The submission of KKR‘s binding offer to TIM’s Board of Directors for NetCo, i.e., the company that will hold the management and infrastructure perimeter of the fixed telecommunications network currently owned by TIM, could slip to October 15. The U.S. infrastructure fund in fact, has asked to be allowed to postpone by 15 days the deadline that had been set for September 30 last June, and TIM has let it be known that it will consider the request at the board meeting next Wednesday, September 27 (see the press release here). Barring any unexpected upheavals, it is virtually certain that the extension will be granted.
Recall that KKR had won precisely last June the right to negotiate on an exclusive basis the purchase of control of TIM’s NetCo, with the tlc group’s Board of Directors giving a mandate to ceo Pietro Labriola to initiate, on an exclusive basis, an improved negotiation with the U.S. fund, aimed at “obtaining the presentation in the shortest possible time, consistent with the complexity of the transaction and in any case by September 30, of a final and binding offer” (see here a previous article by BeBeez).
Meanwhile, a crucial meeting will be held in the coming days between the Italian Government representatives and those of Vivendi, the French media group, TIM’s largest shareholder at 23.75 percent, which has always put the brakes on the deal because it considers the price offered by KKR to be too low. It is well known for the French shareholder that NetCo’s value is 31 billion (see here a previous article by BeBeez), a far cry from the 23 billion that KKR has put on the table (see here a previous article by BeBeez). In fact, Vivendi’s ceo, Arnaud de Puyfontaine, sent a letter to the Treasury asking for a meeting before KKR submits its binding offer on the network, a meeting that the government has agreed to and that is thought could already take place this week.

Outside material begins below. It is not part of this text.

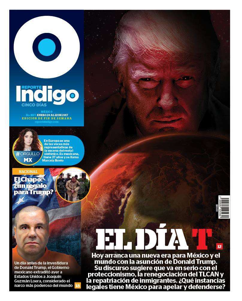 On Inauguration Day, Indigo carried a somber image of Trump with the headline that translates to “D Day.”

Meanwhile, we recall that at the end of August the Italian Council of Ministers, at the proposal of Prime Minister Giorgia Meloni and Minister of Economy and Finance Giancarlo Giorgetti, gave the green light to the entry of the Ministry into the capital of NetCo, as part of the transaction organized by KKR, putting up to 2.2 billion euros on the plate, for a share of NetCo between 15 and 20 percent, with the resources that will be drawn from the availability of the so-called earmarked assets, created by Decree Law No. 34 of 2020 and amounting today to 2.525 billion (see here a previous article by BeBeez).
At the end of the transaction KKR should hold about 65 percent of NetCo’s capital, the Italian Treasury Ministery precisely 15-20 percent, while the remaining share could be distributed between Italy’s National Promotion Institution, Cassa Depositi e Prestiti, and Italy’s major private capital infrastructure investor, F2i sgr. In this regard Mr. Giorgetti had said, “Possible involvement of CDP, taking into account Antitrust constraints,” referring to the fact that CDP is already a majority shareholder in Open Fiber“.